### [Source records]
══════════
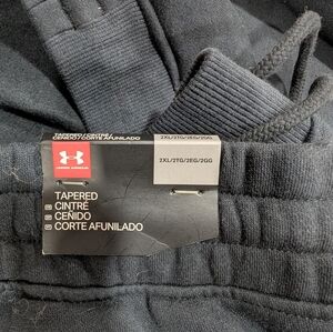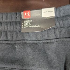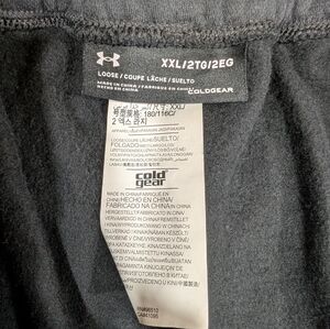 they are dark black. lighting makes them look lighter. color is first picture. they are cold gear thick sweat pants with side pockets, back pocket and the front left pocket has a smaller pocket in it as shown in pictures. draw string waist for comfort .smoke free home
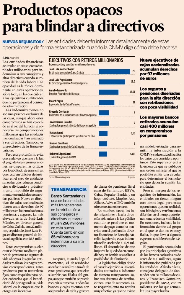Indemnizaciones millonarias: nueve ejecutivos de cajas nacionalizadas acumulan derechos por 97 millones de euros
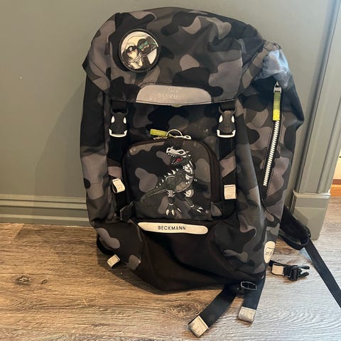 Pent brukt Becksöndergaard sekk og tilhørende penal. 30liter. Sekken er mørk blå med små mønstrede hjerter og har flere lommer med glidelås, inkludert en stor hovedlomme og en frontlomme. Den har polstrede, justerbare skulderstropper og polstret ryggpanel. På bildene følger det også med et matchende pennal i samme stoff og mønster, samt et avtagbart, neongult regntrekk med refleksdetalj. Egnet til skole, fritid og hverdagsbruk.
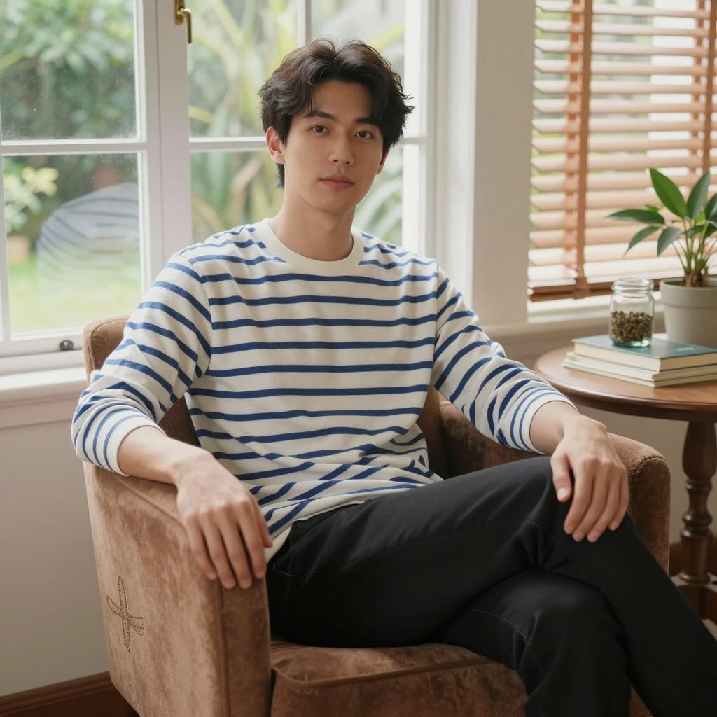 Relaxed Young Man in Dim Lighting
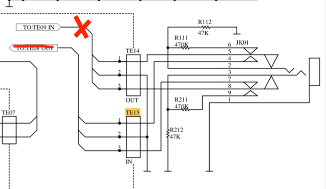 Cortamos el cable que va al conector *TE08 *y TE09. El cable del *TE08 *– *TE15 *hay que cortarlo dejando la suficiente distancia, desde el lado del TE15, como para poder manipularlo y conectarlo en la placa donde está el control de volumen, tono,… El cable del conector *TE14 *no lo utilizaremos, por lo que es conveniente tapar la punta con un poco de cinta aislante para que no pueda moverse y tocar lo que no debe.
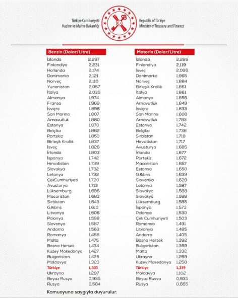 Yapılan artışa rağmen Ülkemiz halen benzinde de motorinde de Avrupa'da en ucuz 4. ülke konumundadır.
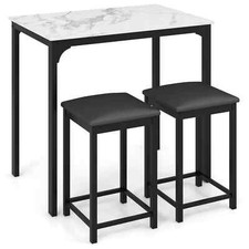 General description Are you looking for stylish and functional furniture for your home? Our 3-piece bar table set includes a sleek counter-height table and 2 upholstered bar stools, perfect for cozy breakfasts or casual gatherings. The contemporary tabletop with a patterned finish exudes modern elegance and seamlessly complements any interior decoration, making it suitable for the living room, dining room, or bar. Technical specifications Color: White + Black Material: MDF, PVC, Sponge, Metal Size of the Table: 90 x 60 x 82 cm (L x W x H) Size of the Stool: 35 x 35 x 53 cm (L x W x H) Weight Capacity of the Table: 90 kg Weight Capacity of Each Stool: 150 kg Net Weight: 17 kg Usage The stools can be stored under the table to save space. High-density sponge cushions provide long-lasting sitting comfort. Comfortable footrests help relax and relieve foot fatigue. Wide desktop space securely holds items. Anti-slip footpads enhance safety and stability. Skin-friendly PVC leather covering
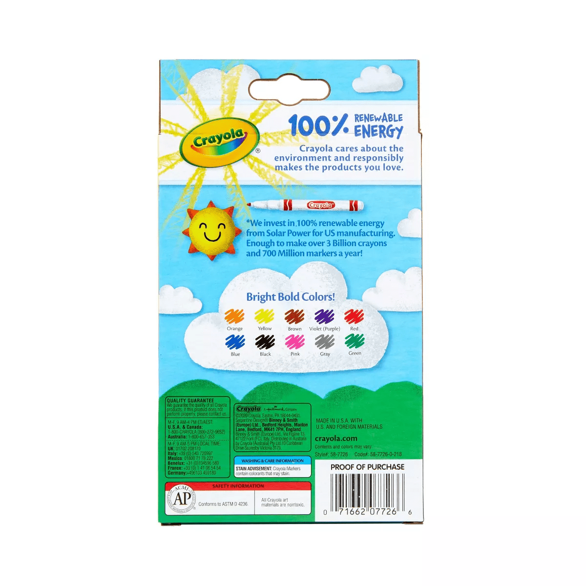 - 10 CLASSIC COLORS: This assortment of markers features 10 classic Crayola colors with high-quality, true-to-color ink. Add bold, vibrant color to artwork, school assignments, and other creative projects. The variety of bright, classic colors in this pack invites imaginative expression.
══════════
### [What the task requires]
Between and including the line above that contains "Pent brukt Becksöndergaard" and the line that contains "Relaxed Young Man in Dim Lighting", restate every line word for word. Pictures stay out.

### [Written answer]
 Pent brukt Becksöndergaard sekk og tilhørende penal. 30liter. Sekken er mørk blå med små mønstrede hjerter og har flere lommer med glidelås, inkludert en stor hovedlomme og en frontlomme. Den har polstrede, justerbare skulderstropper og polstret ryggpanel. På bildene følger det også med et matchende pennal i samme stoff og mønster, samt et avtagbart, neongult regntrekk med refleksdetalj. Egnet til skole, fritid og hverdagsbruk.
 Relaxed Young Man in Dim Lighting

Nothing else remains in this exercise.